Over in the American League the Boston Red Sox left the competition in the dust about four months ago; they finished 108-54, eight wins ahead of the 100-game-winning wild-card Yankees. The defending world champion Houston Astros won 103 games and beat out a late surge by Oakland; this means the A's will play at New York Wednesday for the wild-card elimination game, with the winner going to Boston. The Cleveland Indians ran away with the AL Central and their upcoming ALDS against the 'Stros is by far the most intriguing matchup of this postseason.
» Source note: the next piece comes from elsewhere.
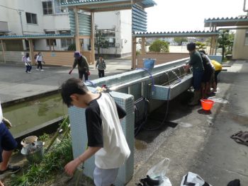 9日の午後、間もなく卒業式を控えた6年生の子どもたちは、これまでお世話になった学校のために、側溝掃除やメダカの池の掃除、除草作業などをしてくれました。側溝にたまっていた落ち葉はトラック1杯分にもなりました。みんなの力を合わせるとあっという間にきれいになりました。ほんとうにありがとう。
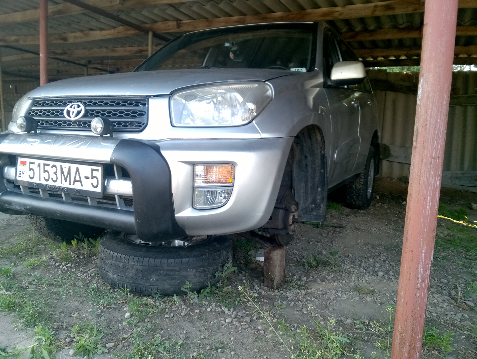 Замену делал на закрытой стоянке, поэтому мог позволить оставить машину, подложив случайно найденный кусок рельсы (!) под рычаг и сходить в магазин за струбциной, которая с лёгкостью помогла мне затолкать на место тормозной поршень, и процесс замены колодок заметно ускорился:)

What do the numbers show? Good ol' Pythagoras maintains Houston is the team to beat; their projection is for 109 wins, six ahead of their actual total, while Boston comes in at a still-impressive 103, five games off their finish. The Yankees, Indians, and A's follow in step, at 99, 98, and 95. In the National League the Dodgers, whether or not they end up the wild-card, are top dog with 101 projected wins, ten ahead of their total. The Cubs, Braves, and Brewers are clustered eight, nine, and ten games back, right about at their actual win totals, while the Rockies, the stat suggests, are playing over their head. They are six games better than their projection of 85-77. This 16-game statistical disparity between the Dodgers and Rockies is striking, and will be ever so much more so if Colorado wins their first-ever NL West division title today.

Pitching, pitching, pitching. Four of the five NL playoff teams are in the top five in team ERA; the Diamondbacks are fourth while the Rockies are 12th, well behind even the Giants, as we noted. It's just as pronounced in the American League, where the Tampa Bay Rays join the Playoff Five as the only teams with ERA below 4. The DH be damned: note that Houston is the best in all MLB at 3.11, more than half a run lower than their nearest AL competitor. 

When it comes to scoring runs, the Red Sox and Yankees are 'way ahead of everyone else, while the Dodgers and Rockies lead the NL postseason qualifiers. The Yankees hit 267 home runs this year-- it seems like that team record gets broken every season now. The highest-scoring "bad" team looks to be the Texas Rangers, who put up 737 runs to go with a team ERA of 4.92 and 95 losses. The long-suffering Seattle Mariners, by contrast, scored 60 fewer runs but won 22 more games, with a team ERA of 4.13, seventh in the AL. Also on the outside looking in are the Tampa Bay Rays, who won as many games as did the NL East champion Braves (90), but got no closer than 7 games to the last AL wild-card spot. Tampa was second in the league in ERA.


We'll have more, a lot more, to say about all this tomorrow once the postseason schedule is set and the final statistics are in.